String

Python 里的string是immutable的

尽量避免做slicing

Char Removal

删除student中的u和n

常见错误:

  1. 如果有多个元素连续出现,index不注意维护就会删不干净。

  2. 调用API的时候要注意时间复杂度 deleteCharAt, subString, string1+string2都

错误做法

两个挡板,三个区域,同向而行。对于需要保留output相对顺序的题目,选择同向而行。

左挡板左侧,不包含左侧,是要留的结果 左右之间,是不在乎的区域 右挡板右侧,不包含右侧,是正在探索的需求

Case 1: a[j] should be kept: a[i]=a[j], i++, j++ Case 2: a[j] should not be kept: j++

class Solution(object):
  def remove(self, input, t):
    """
    input: string input, string t
    return: string
    """
    # write your solution here
    slow, fast = 0, 0
    toremove = set(t)
    array = list(input)
    for fast in range(len(array)):
      if array[fast] not in toremove:
        array[slow]=array[fast]
        slow+=1
    return ''.join(array[:slow])

j 快指针,右边是未访问的元素,左边是已经访问的元素;

i 慢指针,左边是要返回的字符;

快慢指针之间[i, j-1]是不返回的元素。

initialization:i=0, j=0

str[j]是否该被保留

a = list(str)

Case1: 保留str[j], a[i]=str[j], i+=1. j+=1;

Case2: 不保留str[j], j+=1

Termination Condition: j>=len(str)

def remove(str):
    lst = list(str)
    i,j = 0,0
    while j<len(lst):
        if lst[j] not in ['u', 'n']
            lst[i] = lst[j]
            i+=1
        j+=1
        return ''.join(lst[:i])
    print(remove("student"))

Time O(n)

Space O(n)

def remove(str):
    lst = []
    j = 0
    while j<len(str):
        if str[j] not in ['u', 'n']
            lst.append(str[j])
        j+=1
        return ''.join(lst)
    print(remove("student"))

Time O(n)

Space O(n)

相比之下第一种更好,因为第二种里的append不一定是一个O(1)的操作。

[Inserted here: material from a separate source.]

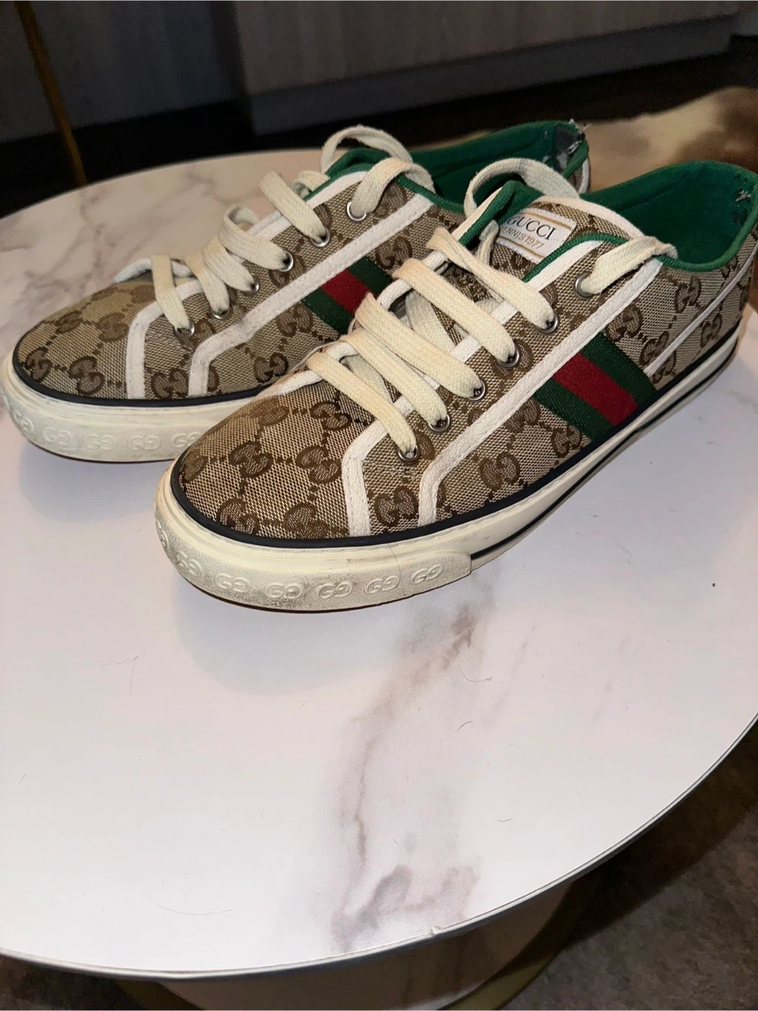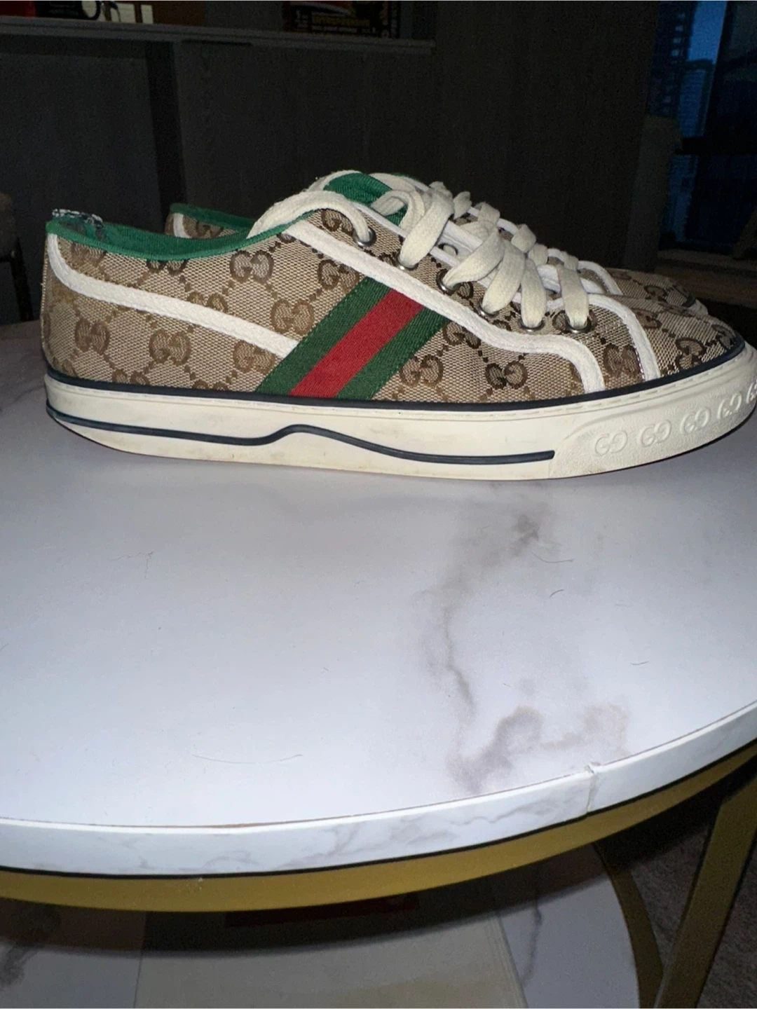 Selling a pair of Gucci sneakers. They have the classic Gucci pattern with the green and red stripe. They are in good condition with some signs of wear.

在Python中可变长度的容器,增加元素时要开辟新的空间(一般是double size),只是amortized O(1)。

删除句中的多余空格

原始输入空格比较多,把开头多余的空格、结尾的空格去掉,中间的只留1个空格。

Case 1: if a[f]==' ': - case 1.1 s==0, don't copy - case 1.2 s!=0, if a[s-1]!=’ ‘,copy if a[s-1]==' '. don't copy

Case 2: if a[f]!=' ': copy

Post-processing: s>0 and a[s-1] ==' ', then s-=1

class Solution(object):
  def removeSpaces(self, input):
    """
    input: string input
    return: string
    """
    # write your solution here
    if not input:
      return input
    array = list(input)
    slow = 0
    for fast in range (len(array)):
      if array[fast]==' ' and (fast==0 or array[fast-1]==' '):
        continue
      array[slow]=array[fast]
      slow+=1
    if (slow>0 and array[slow-1]==' '):
      slow-=1
    return ''.join(array[:slow])

initialization:i=0, j=0

Case 1: a[j]==' ' and i==0, ignore

Case 2: a[j]!=' ' , keep

Case 3: a[j]==' ' , and i!=0, and a[i-1]!=' ', keep

Case 4: a[j]==' ' , and i!=0, and a[i-1]==' ', ignore

Termination: j=n

Post-processing: i>0 and a[i-1] ==' ', then i-=1

def remove_spaces(str):
    if not str:
        return str
    lst = list(str)
    i,j = 0,0
    while j < len(lst):
    ## Case 2 and Case 3
        if lst[j]!=' ' or (i!=0 and lst[i-1]!=' '):
            lst[i]=lst[j]
            i+=1
        j+=1
    if i>0 and lst[i-1] ==' ':
        i-=1
    return ''.join(lst[:i])

Time O(n)

Space O(n)

def remove_spaces(str):
    if not str:
        return str
    lst = []
    for fast in xrange(len(lst)):
        if str[fast]==' ' and (fast==0 or lst[fast-1]==' '):
            continue
        lst.append(str[fast])
    if len(lst)>0 and lst[-1] ==' ':
        lst.pop()
    return ''.join(lst)

Char De-duplication

第一个字符,不论是否重复,都一定会被保留,所以initialization时,可以都从1开始。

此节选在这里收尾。